The chart at right shows those figures for the twelve pitchers we've looked at in this study. As you can see, while there are some differences, the major trend for these pitchers with respect to batter vs. pitcher OPS is for that figure to rise when men are on base. There are three exceptions to this: Guidry, Pedro, and--

Oh my god. Look at that outlier for Greinke. The average differential for this comparison over all of MLB in 2011 is -3.4% (.780 OPS with men on vs. .754 OPS overall).

Greinke's batter vs. pitcher OPS with men on base in 2009 was about 20% better than it was overall.

That is how his ERA ended up being so low for the year. It was a year of pitching unconsciously when men were on base. This is the textbook extreme of how one maximizes performance elements into a season of overachievement.

Sure, we can give Greinke credit for his great and sustained clutch performance over 2009. And let's face it, the fact that he was in Kansas City that year made it certain that he would get adulation from the sabe-centric world. Joe Posnanski, maybe the key fence-straddler in the mainstream media with his ties to Bill James and his folksy, aberrantly experimental writing forays--and his unique access to the socially challenged Greinke--made absolutely sure of that. Quirky anti-folk hero? Check. Struggling small market team? Double check. All "sympathetic trope systems" were "go." Pos's brilliant proselytizing for Greinke, timed to the tail end of his first hot streak, opened the door for many other sportswriters, and there was undoubtedly a domino effect when it came time for the CYA voting. Zack didn't hurt his chances by getting white hot down the last six weeks of the season, either.

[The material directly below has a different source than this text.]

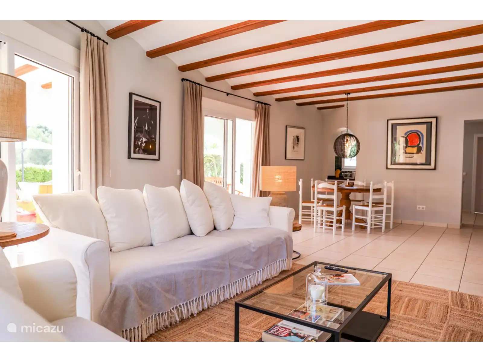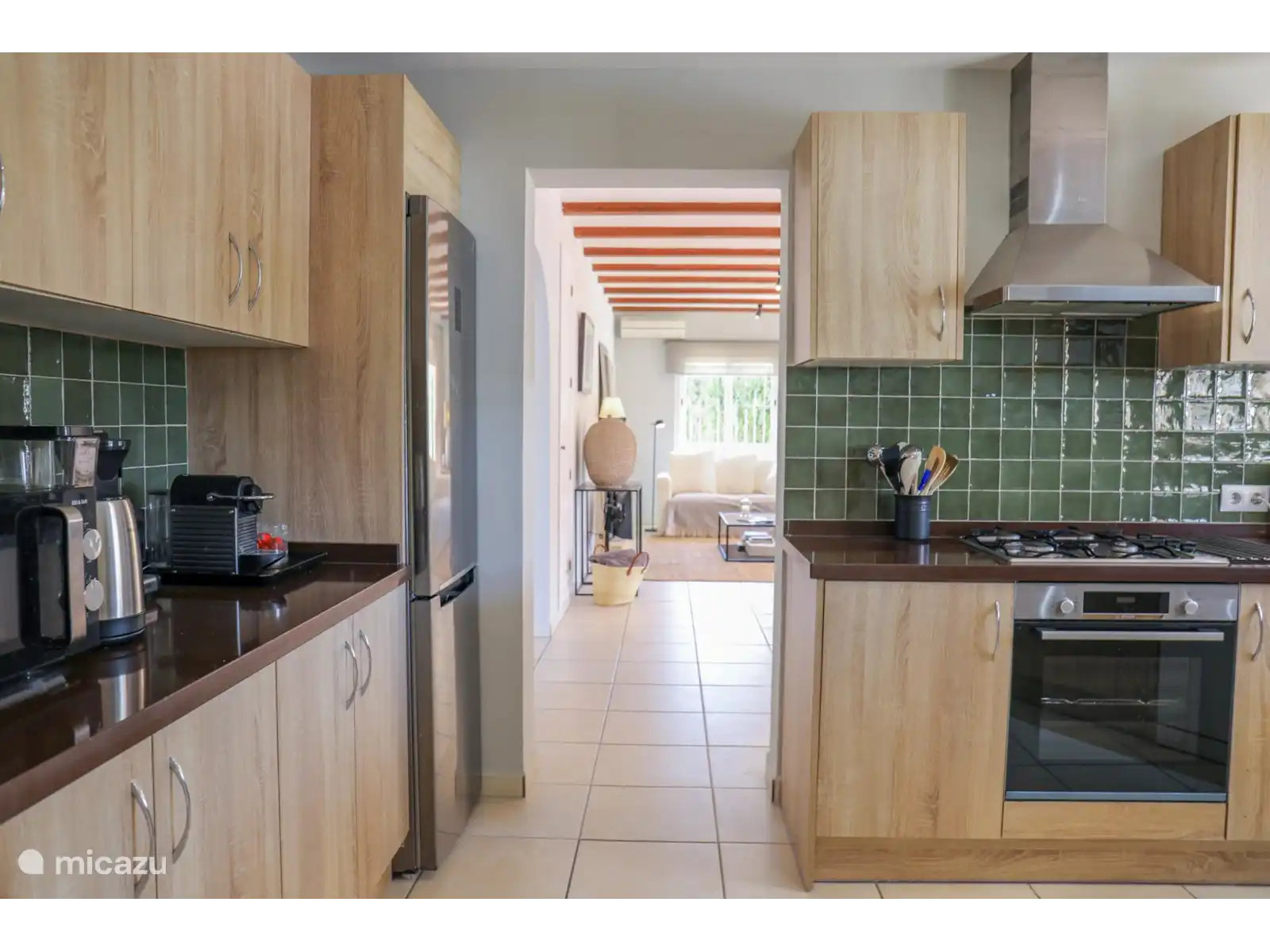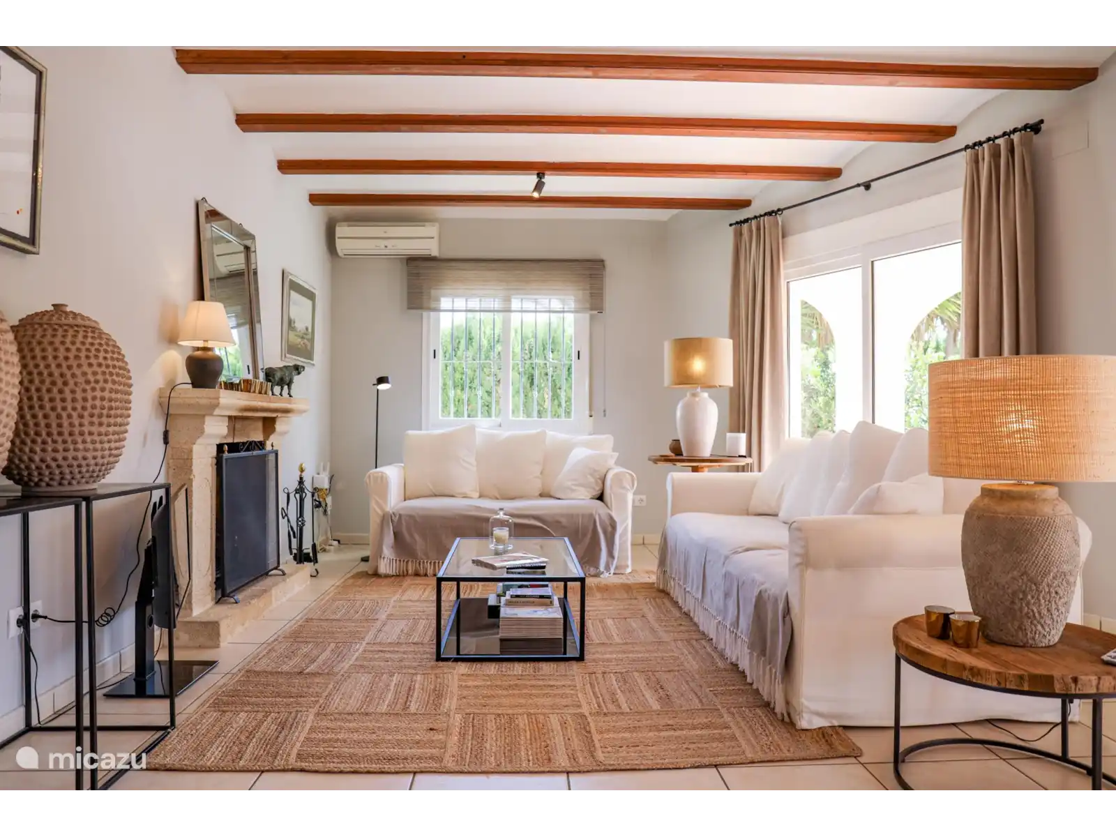 Par l’entrée d’une tour avec escalier de palier et mezzanine, on entre dans le salon-salle à manger chaleureux à la décoration raffinée dans des tons clairs, avec un coin salon confortable, une cheminée et une télévision intelligente. Sur le côté droit de cette pièce se trouve la grande table ronde à manger qui est (partiellement) ouverte en lien avec la cuisine. La cuisine est équipée de tous les appareils possibles tels que le four, le lave-vaisselle, le micro-ondes, la plaque à gaz à 4 brûleurs, le réfrigérateur et le congélateur, le filtre à café et la machine Nespresso. À côté se trouve la buanderie avec une machine à laver/sèche-linge, qui donne accès à la terrasse avec l’espace barbecue. Le salon est climatisé.
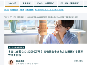 • 【メディア掲載】finasee「本当に必要なのは2000万円?老後資金をきちんと把握する計算方法を伝授」

Greinke in 2009: a dominance created by a fast start, 
historic clutch pitching and a brilliant tout 
from Joe Pos...not from his hit prevention!
But what QMAX tells us is that it was a glorious fluke season of overachieving greatness, propelled by a stat that's much more of an outlier than any of the BABIP data in the "fielding independent" cigar box.

And you will note that Greinke has never come close to doing that again, either before or since.

In fact, usually the greater the pitcher, the closer these two OPS figures cling to one another.

QMAX assumes that this will be the case. Therefore, it stubbornly--and correctly--suggests that Greinke's true value in 2009 was a good bit lower than what the ERA/ERA+ (and WAR data) suggests..

Now this isn't going to help get QMAX accepted in the little sabe-centric world. They like their myths, especially when the myth looks empirically, walks empiricially, and talks empirically like a duck. After all, that 205 ERA+ is real: it really happened. The fact that it may be part of a different type of illusion, one that has yet to recognized, is unlikely to register at this time. The underlying feeling from this piece for many will be that we're trying to "take down" Greinke--who, having moved to another midwest franchise that actually made its move into the playoffs, is still benefitting from the original halo effect. And that's not going to sit well.

But keep in mind that Greinke has never come close to that season. His next best ERA+ to that 205 in 2009 was 126 the previous year. The fact that his QWP was actually only .640 in 2009 tells us that he really hasn't fallen as far from his "peak" has is commonly thought. His .566 QWP in 2011 could well be  his true level--unless he goes unconscious with men on base again.

But chances are that he'll always be thought of as someone who showed a singular glimpse of unalloyed greatness. After all, that's kinder and gentler (and more in keeping with this most emprirical of myths) than calling it a "fluke."

How about we just agree to call it the "greatest and grandest fluke in the history of baseball"? That sounds more positive, to be sure--and it also happens to be the stone cold truth.